As for the forward and reverse fasta sequences how might I trick qiime2 to make it think it is a fastq file?

ebolyen · November 20, 2024, 7:07pm

It does seem the code is pretty light on the explanation when it errors:

github.com

qiime2/q2-types/blob/dev/q2_types/per_sample_sequences/_formats.py#L406-L448


      
          def _validate(self, filehandle, *, num_records):
              ids = set()
              for (header, seq), _ in zip(itertools.zip_longest(*[filehandle] * 2),
                                          range(num_records)):
                  if header is None or seq is None:
                      # Not exactly two lines per record.
                      raise Exception()
          
                  header = header.rstrip('\n')
                  seq = seq.rstrip('\n')
          
                  id = self._parse_id(header)
                  if id in ids:
                      # Duplicate header ID.
                      raise Exception()
          
                  self._validate_id(id)
                  self._validate_seq(seq)
          
                  ids.add(id)

This file has been truncated. show original

I actually don't think it's the middle section necessarily, as it uses a str.split() which should ignore everything after the first space.

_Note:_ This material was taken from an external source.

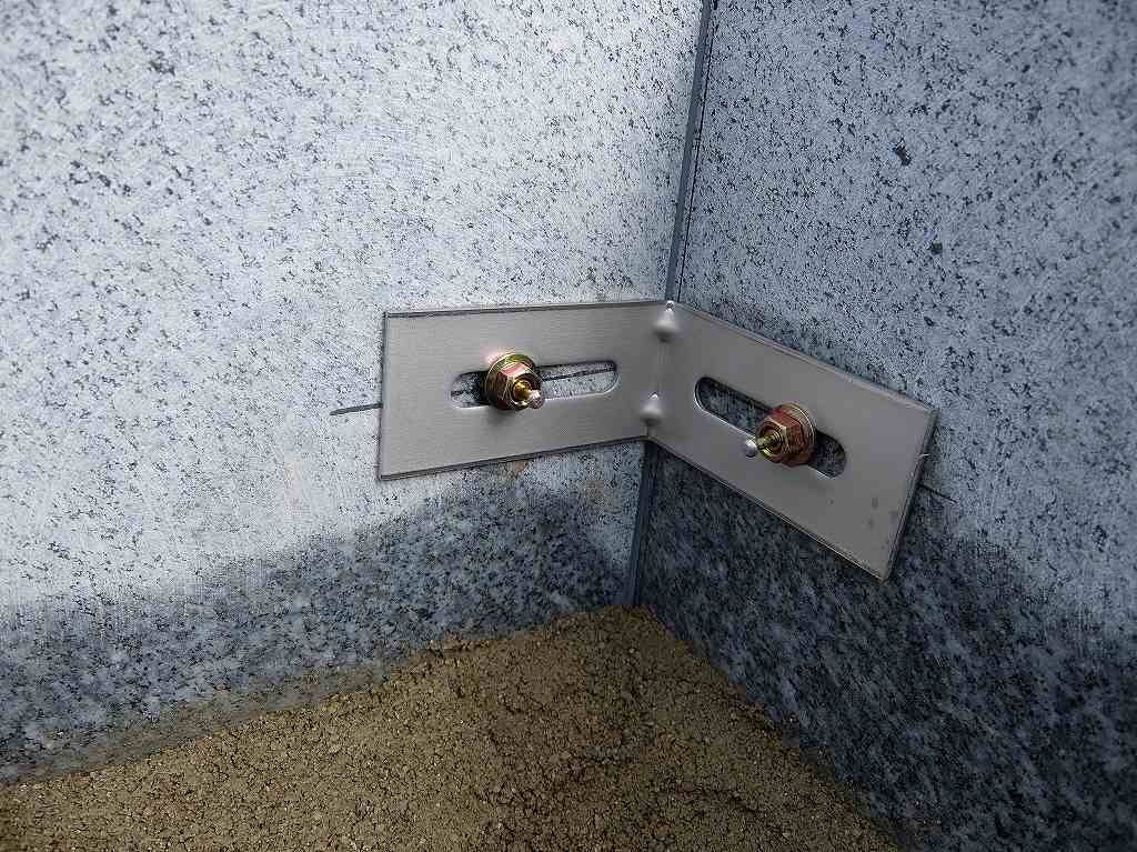 設置した四つ石が外れないよう耐震用金具を取り付けます。

It's possible there's a duplicate ID, or the number after the first _ isn't increasing to keep the reads unique.

I think the goal should be to use vsearch dereplicate-sequences which accepts SampleData[Sequences]. Downside, we don't have a method which joins reads without quality scores. So you may need to find a tool to do that.

Sorry I don't know if that's super helpful. I would also support the concept of laundering in quality scores so you can get past the import step. Just don't run anything that would concider them after the fact (i.e. only use dereplicate-sequences and then proceed to your strategy in the other thread)

system · December 22, 2024, 1:08am

This topic was automatically closed 31 days after the last reply. New replies are no longer allowed.